I was actually talking about speakers. We have a Jersey City 26-floor residential high-rise with this arrangement. It is usually much easier to throw in a fire alarm voice system speaker than try to get the building intercom approved by the FD. The next intercom I see that's UL864 certified will be my first.
The difference is in New Jersey they don't require the speaker to be in dwelling units for one-way voice like NYC does
 
The difference is in New Jersey they don't require the speaker to be in dwelling units for one-way voice like NYC does
While technically true, Jersey City has pursued this as a "policy" looking for "voluntary" compliance. Again, if you need one-way voice to the dwelling units, do it with the fire alarm system. Unless you are talking about being able to do one apartment at a time. That's still doable with fire alarm voice, just more expensive. Better to do it a floor at a time, which is what you want anyway.
 
While technically true, Jersey City has pursued this as a "policy" looking for "voluntary" compliance. Again, if you need one-way voice to the dwelling units, do it with the fire alarm system. Unless you are talking about being able to do one apartment at a time. That's still doable with fire alarm voice, just more expensive. Better to do it a floor at a time, which is what you want anyway.

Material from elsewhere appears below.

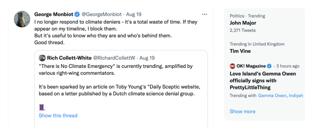 Monbiot is a particularly vile element of the climate cultists. A useful idiot with typical extreme Marxist viewpoints garnered from his middle class roots in student activism; caviar Marxist.

I am doing it with fire alarm. Thing that sucks is that it's an existing building and putting speakers in existing dwelling units is going to be invasive and piss off a lot of people. I am not sure if it's required in kitchens, bathrooms or even bedrooms since it does not say where to put them in dwelling units.
 
I am doing it with fire alarm. Thing that sucks is that it's an existing building and putting speakers in existing dwelling units is going to be invasive and piss off a lot of people. I am not sure if it's required in kitchens, bathrooms or even bedrooms since it does not say where to put them in dwelling units.
The IBC/NYC requirement is hazy in my mind, but I believe it was to accommodate one and only one device, location decided by the AHJ. We don't do many, and no one so far has kicked about it being near the door to the apartment.
 
The IBC/NYC requirement is hazy in my mind, but I believe it was to accommodate one and only one device, location decided by the AHJ. We don't do many, and no one so far has kicked about it being near the door to the apartment.
I might just do one for now and send it to FDNY for review after plans are done. If they want more, I will add more.